Ich bin beruhigt und erinnere mich voller Liebe an Jonathan Meese und seine Pimmel- und Hakenkreuzkritzeleien. Alleine für sein: „Wir dürfen doch die Hakenkreuze nicht den Nazis überlassen“ gönne ich ihm Ruhm, Reichtum und viel Ehre.

 

 

Ein schöner Tag

Liebes Tagebuch,

heute war ein schöner Tag. Das Wetter war nicht zu kalt aber auch noch nicht zu warm. Mrs. Columbo und ich haben draußen gefrühstückt und sind dann in die Kölner Innenstadt auf eine Demonstration gegen eine rechte Veranstaltung gegangen. Ich gehe nicht gerne auf Demonstrationen. Dieses Rumstehen finde ich anstrengend, das Rumgeschreie beängstigend und ich fürchte, dass gegen Rechte zu demonstrieren auch nicht so sehr gegen Rechte hilft. Mrs Columbo findet jedoch, dass gegen Rechte demonstrieren ein unverzichtbares Element im Kampf gegen die Rechte ist und sie geht deshalb oft auf Demos. Manchmal komme ich mit.

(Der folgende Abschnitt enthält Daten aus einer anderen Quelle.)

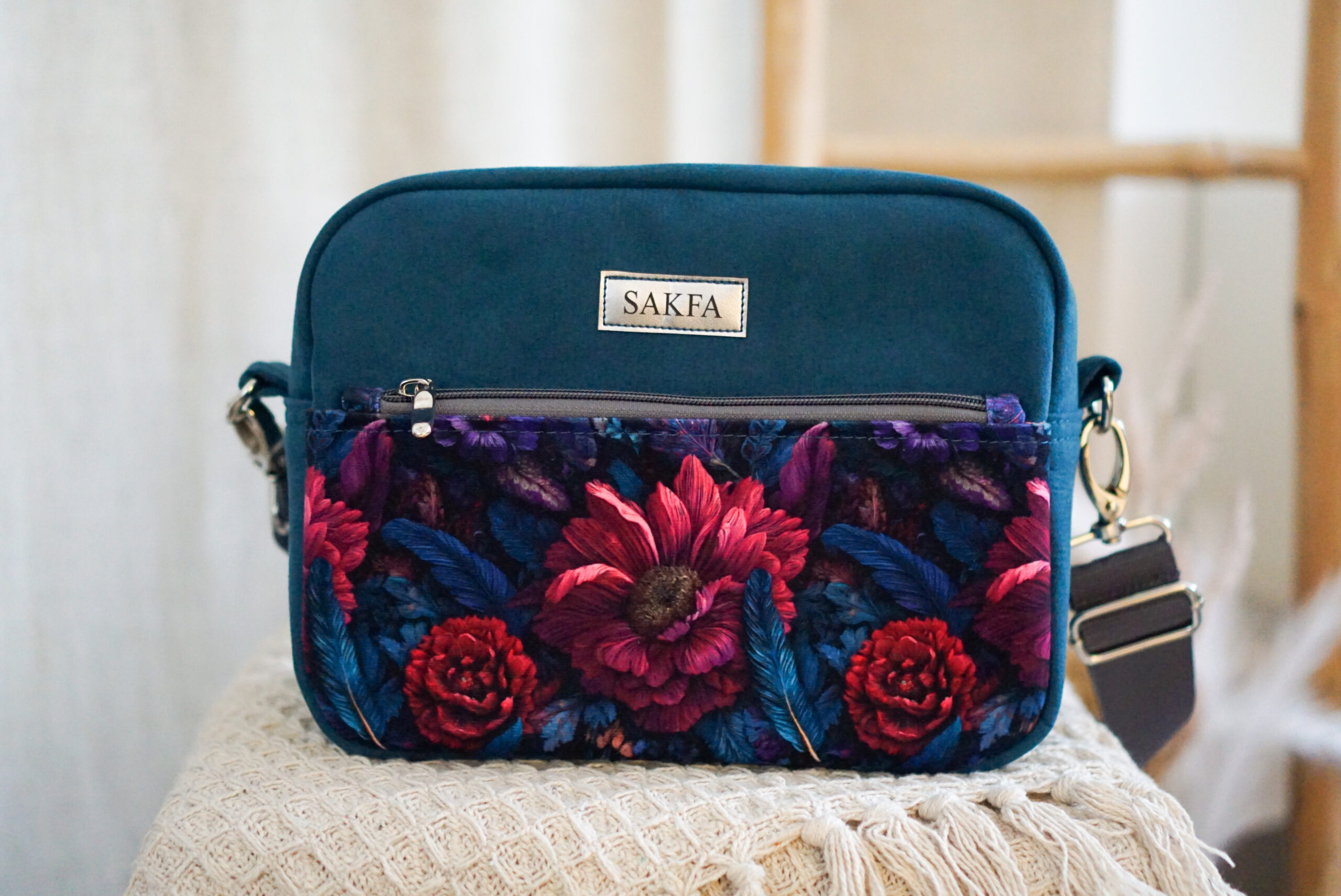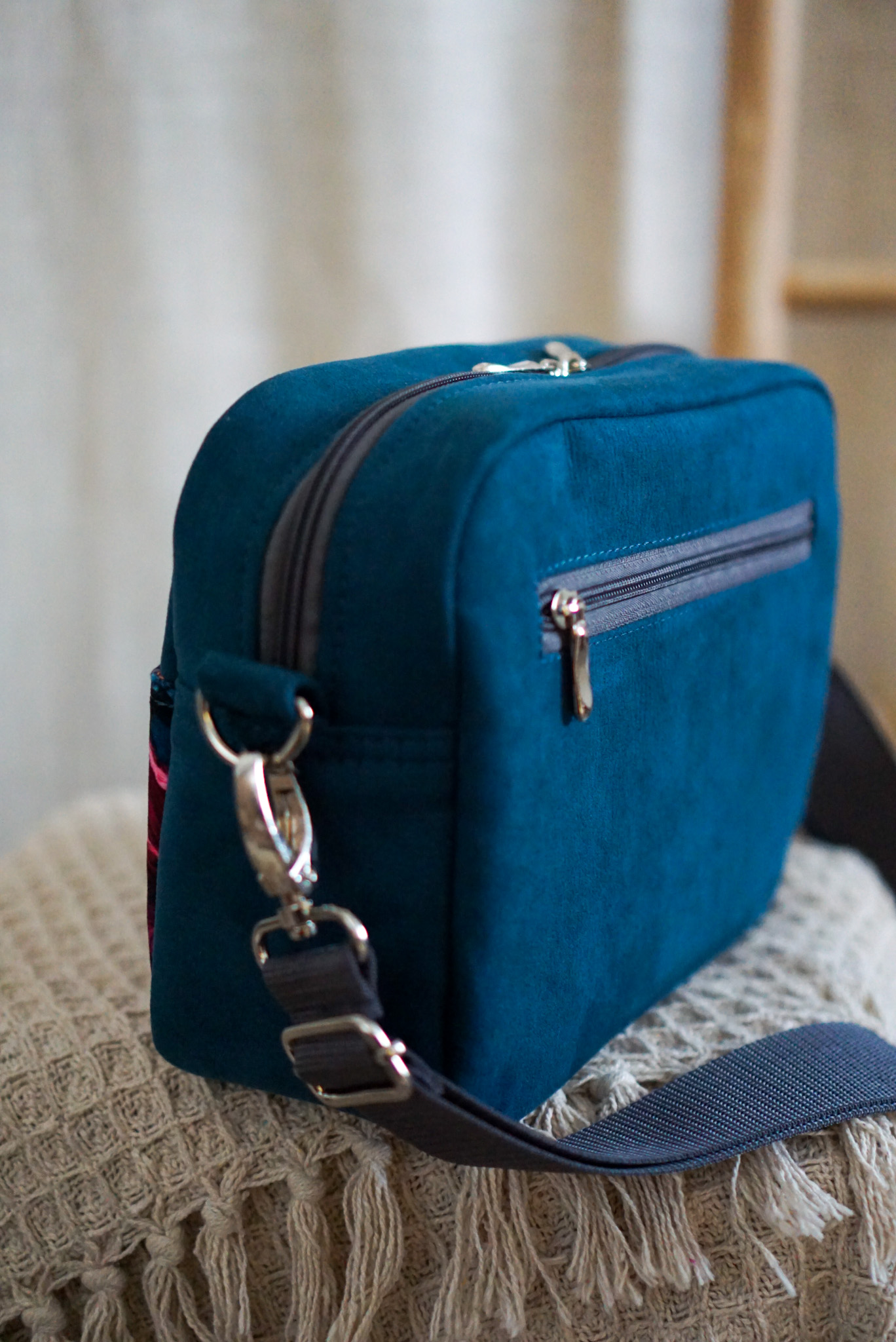 Listonoszka została uszyta z mocnej tapicerskiej tkaniny przypominającej swoimi właściwościami skórkę nubuk w pięknym kolorze. Turkusowy kolor torebki połączony z kolorową kieszonką z pewnością zachwyci niejedną osobę. Listonoszka Sophie to torebka stworzona dla kobiet przez kobiety!

So auch heute und es war sehr schön. Das lag an der Location. Sowohl die rechte Kundgebung als auch die linke Gegendemonstration waren auf dem Alter Markt, einem der meist frequentiertesten Orte der Kölner Innenstadt, angesetzt. So mischten sich in die durch Eisengitter voneinander getrennten Veranstaltungen, Cafébesucherinnen, Touristen, Rikschas, Hochzeitsgesellschaften (der Alter Markt liegt hinter dem Rathaus), Junggesellenabschiede und anderes Flaniervolk, was ein fröhliches Durcheinander ergab.

Der guten Stimmung war auch zuträglich, dass an der rechten Veranstaltung nur ungefähr hundert Leute teilnahmen, während die Linken ungefähr das Vierfache aufbieten konnten. Ich schlenderte vergnügt auf dem Alter Markt hin und her. Mrs. Columbo betätigte sich derweil politisch. Eine von ihren Superkräften besteht darin, sich in einer an durchgeknallten Vögeln sowieso nie armen linken Politveranstaltung den allerverücktesten auszusuchen und mit ihm in eine Diskussion zu geraten. Heute traf sie auf einen Holocaustleugner, der wohl sogar den Leuten von der rechten Veranstaltung zu krass und deswegen auf der linken Demo gelandet war.

In die Versammlungen hineingemischt standen viele kleine Grüppchen von Polizist*innen in Schutzmontur. Ein Passant blieb stehen und sprach ein Lob aus: „Sie tun hier wirklich einen anstrengenden Job für die Gesellschaft.“, biederte er sich an. Die Polizisten bedankten sich. Bei so viel konstruktiver Verständigung zwischen Volk und Schutzmacht wollte ich nicht zurückstehen und fragte den Beamten neben mir, ob er gerne eine Handgranate hätte: „Hä, wieso?“, antwortete der Mann irritiert. „Naja, die Polizei in Bayern bekommt doch jetzt Handgranaten, vielleicht würde das Ihren Arbeitsalltag auch erleichtern?“, erklärte ich. „Nee, brauche ich nicht.“, sagte der Polizist indigniert. „Sehr gut.“, sagte Mrs. Columbo.

Danach wanderten wir zusammen mit einem von Mrs. Columbos alten Genossen, den wir auf der Demo getroffen hatten, zur gut besuchten Geburtstagsfeier des Autonomen Zentrums. Neben schönen anderen Aktivitätsangeboten, wie zum Beispiel einem „Hola Hoop-Space“, gab es auch die Möglichkeit, sich mit einer selbstgebastelten Schablone im Siebdruckverfahren ein eigenes T-Shirt zu gestalten. „Ich bin immer froh, wenn es auf so Veranstaltungen ein Bastelangebot für Maike gibt.“, sagte Mrs. Columbo zu ihrem Genossen. Ich lasse das mal so stehen und verkünde stolz, dass es jetzt erste Onkel Maike Merch gibt: Ich habe zwei tolle Euli T-Shirts hergestellt.